= MATERIAL TO PROCESS =
▼
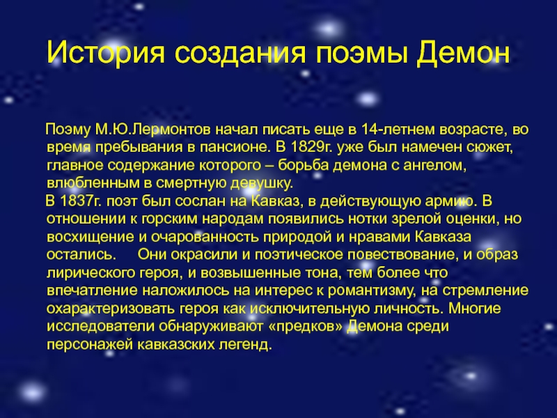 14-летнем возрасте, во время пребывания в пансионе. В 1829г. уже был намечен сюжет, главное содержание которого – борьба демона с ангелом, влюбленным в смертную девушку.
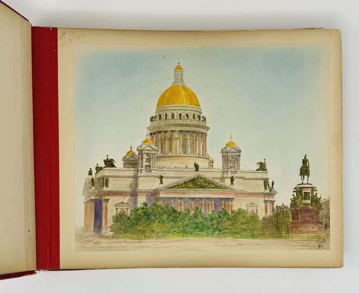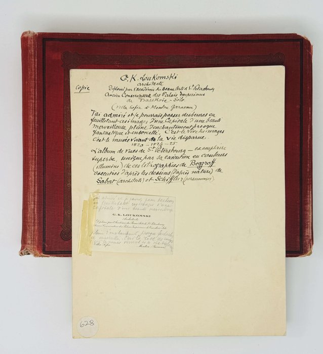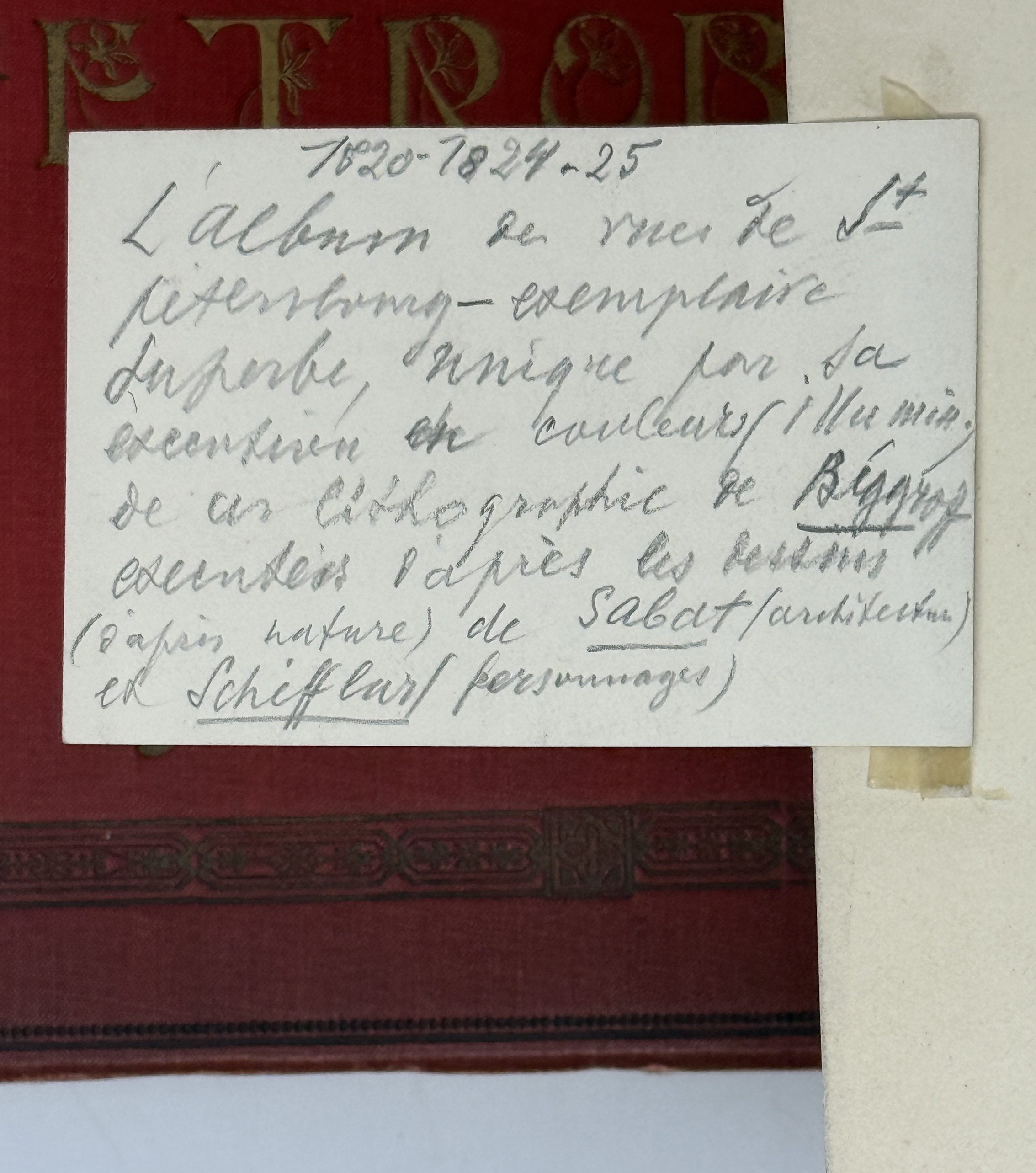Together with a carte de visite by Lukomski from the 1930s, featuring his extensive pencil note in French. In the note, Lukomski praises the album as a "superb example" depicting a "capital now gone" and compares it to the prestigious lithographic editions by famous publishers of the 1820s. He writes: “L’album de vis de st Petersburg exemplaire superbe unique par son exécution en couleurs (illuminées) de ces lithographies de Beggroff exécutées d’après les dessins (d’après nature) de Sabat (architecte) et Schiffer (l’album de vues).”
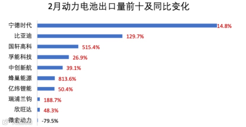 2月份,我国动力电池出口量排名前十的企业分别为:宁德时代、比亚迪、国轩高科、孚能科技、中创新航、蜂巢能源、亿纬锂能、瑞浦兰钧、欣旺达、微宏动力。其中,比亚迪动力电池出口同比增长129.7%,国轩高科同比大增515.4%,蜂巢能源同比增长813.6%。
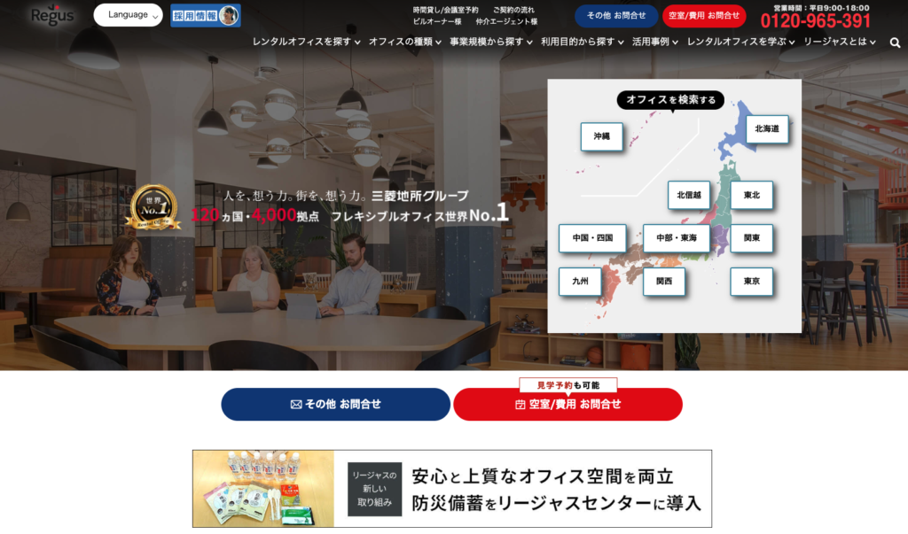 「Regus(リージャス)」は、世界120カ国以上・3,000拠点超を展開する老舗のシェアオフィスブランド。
▲
▼
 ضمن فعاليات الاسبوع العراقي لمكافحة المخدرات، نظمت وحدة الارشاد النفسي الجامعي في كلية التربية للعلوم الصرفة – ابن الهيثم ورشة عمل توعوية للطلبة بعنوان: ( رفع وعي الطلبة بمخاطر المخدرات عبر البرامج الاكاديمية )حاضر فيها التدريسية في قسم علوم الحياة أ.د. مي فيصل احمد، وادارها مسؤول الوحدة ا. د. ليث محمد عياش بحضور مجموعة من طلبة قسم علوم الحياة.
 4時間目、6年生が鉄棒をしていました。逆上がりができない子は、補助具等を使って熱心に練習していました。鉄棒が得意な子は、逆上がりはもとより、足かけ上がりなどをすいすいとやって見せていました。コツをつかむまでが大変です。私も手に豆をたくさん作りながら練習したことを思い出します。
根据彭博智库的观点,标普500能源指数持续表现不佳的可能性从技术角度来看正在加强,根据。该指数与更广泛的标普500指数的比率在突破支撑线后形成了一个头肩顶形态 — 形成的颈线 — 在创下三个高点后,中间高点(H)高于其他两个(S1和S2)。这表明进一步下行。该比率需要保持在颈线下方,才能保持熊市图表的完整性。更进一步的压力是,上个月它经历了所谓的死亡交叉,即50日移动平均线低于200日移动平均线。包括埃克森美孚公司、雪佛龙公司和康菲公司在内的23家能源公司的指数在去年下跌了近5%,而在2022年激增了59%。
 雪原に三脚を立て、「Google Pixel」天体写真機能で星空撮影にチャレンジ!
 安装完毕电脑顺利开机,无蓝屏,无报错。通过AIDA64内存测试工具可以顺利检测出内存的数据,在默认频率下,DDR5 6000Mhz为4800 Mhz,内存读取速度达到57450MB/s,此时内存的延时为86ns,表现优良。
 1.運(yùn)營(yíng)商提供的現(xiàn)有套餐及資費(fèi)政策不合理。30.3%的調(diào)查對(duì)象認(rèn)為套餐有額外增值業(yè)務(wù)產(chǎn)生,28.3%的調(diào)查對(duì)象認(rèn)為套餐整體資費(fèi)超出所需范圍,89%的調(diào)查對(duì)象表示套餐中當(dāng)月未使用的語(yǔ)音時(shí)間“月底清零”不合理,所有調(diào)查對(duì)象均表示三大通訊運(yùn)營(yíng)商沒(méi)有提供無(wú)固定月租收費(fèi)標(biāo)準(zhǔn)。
▲
= TASK DIRECTIONS =
Return exactly the lines above, from the one with "14-летнем возрасте, во" up to and including the one with "Together with a", and include no pictures.

= OUTPUT FOR THIS TASK =
 14-летнем возрасте, во время пребывания в пансионе. В 1829г. уже был намечен сюжет, главное содержание которого – борьба демона с ангелом, влюбленным в смертную девушку.
Together with a carte de visite by Lukomski from the 1930s, featuring his extensive pencil note in French. In the note, Lukomski praises the album as a "superb example" depicting a "capital now gone" and compares it to the prestigious lithographic editions by famous publishers of the 1820s. He writes: “L’album de vis de st Petersburg exemplaire superbe unique par son exécution en couleurs (illuminées) de ces lithographies de Beggroff exécutées d’après les dessins (d’après nature) de Sabat (architecte) et Schiffer (l’album de vues).”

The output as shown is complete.